From the entries below, print exactly the span beginning with the line holding "Instituţia Medico Sanitară" and ending with the line holding "永居證是國(guó)家移民管", endpoints included, and skip any pictures.

Available data |
——————

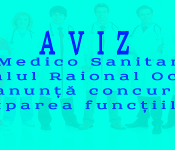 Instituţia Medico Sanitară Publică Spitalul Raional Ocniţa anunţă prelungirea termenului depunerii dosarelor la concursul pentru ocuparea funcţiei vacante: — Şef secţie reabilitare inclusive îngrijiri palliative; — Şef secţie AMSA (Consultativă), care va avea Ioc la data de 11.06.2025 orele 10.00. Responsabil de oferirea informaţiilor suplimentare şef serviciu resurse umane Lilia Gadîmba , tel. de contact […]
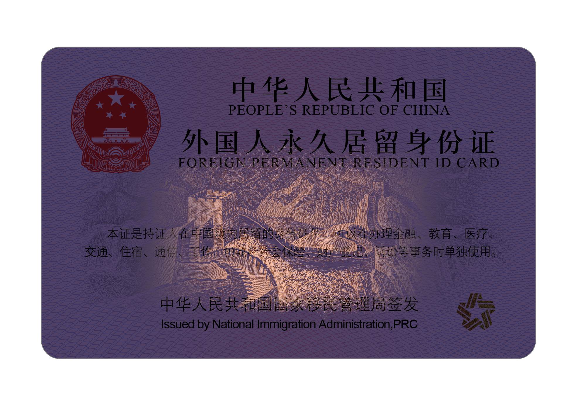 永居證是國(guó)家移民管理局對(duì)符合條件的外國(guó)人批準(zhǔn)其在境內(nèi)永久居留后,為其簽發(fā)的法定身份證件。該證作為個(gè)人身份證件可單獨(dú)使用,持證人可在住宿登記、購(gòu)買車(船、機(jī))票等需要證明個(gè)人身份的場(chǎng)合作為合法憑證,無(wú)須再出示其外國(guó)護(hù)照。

——————

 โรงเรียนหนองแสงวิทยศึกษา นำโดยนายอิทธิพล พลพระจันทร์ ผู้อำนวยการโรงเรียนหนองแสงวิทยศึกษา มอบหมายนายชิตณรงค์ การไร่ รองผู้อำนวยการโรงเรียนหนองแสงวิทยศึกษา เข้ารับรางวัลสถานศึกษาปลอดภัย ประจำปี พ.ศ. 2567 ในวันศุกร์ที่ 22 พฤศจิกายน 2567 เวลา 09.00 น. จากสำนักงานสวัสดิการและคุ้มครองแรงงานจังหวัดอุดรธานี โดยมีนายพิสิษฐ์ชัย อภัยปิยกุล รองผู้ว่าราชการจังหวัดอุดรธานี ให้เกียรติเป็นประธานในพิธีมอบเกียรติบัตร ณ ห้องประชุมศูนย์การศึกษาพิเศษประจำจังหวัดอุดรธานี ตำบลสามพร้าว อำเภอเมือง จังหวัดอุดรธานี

——————

Task answer |
 Instituţia Medico Sanitară Publică Spitalul Raional Ocniţa anunţă prelungirea termenului depunerii dosarelor la concursul pentru ocuparea funcţiei vacante: — Şef secţie reabilitare inclusive îngrijiri palliative; — Şef secţie AMSA (Consultativă), care va avea Ioc la data de 11.06.2025 orele 10.00. Responsabil de oferirea informaţiilor suplimentare şef serviciu resurse umane Lilia Gadîmba , tel. de contact […]
 永居證是國(guó)家移民管理局對(duì)符合條件的外國(guó)人批準(zhǔn)其在境內(nèi)永久居留后,為其簽發(fā)的法定身份證件。該證作為個(gè)人身份證件可單獨(dú)使用,持證人可在住宿登記、購(gòu)買車(船、機(jī))票等需要證明個(gè)人身份的場(chǎng)合作為合法憑證,無(wú)須再出示其外國(guó)護(hù)照。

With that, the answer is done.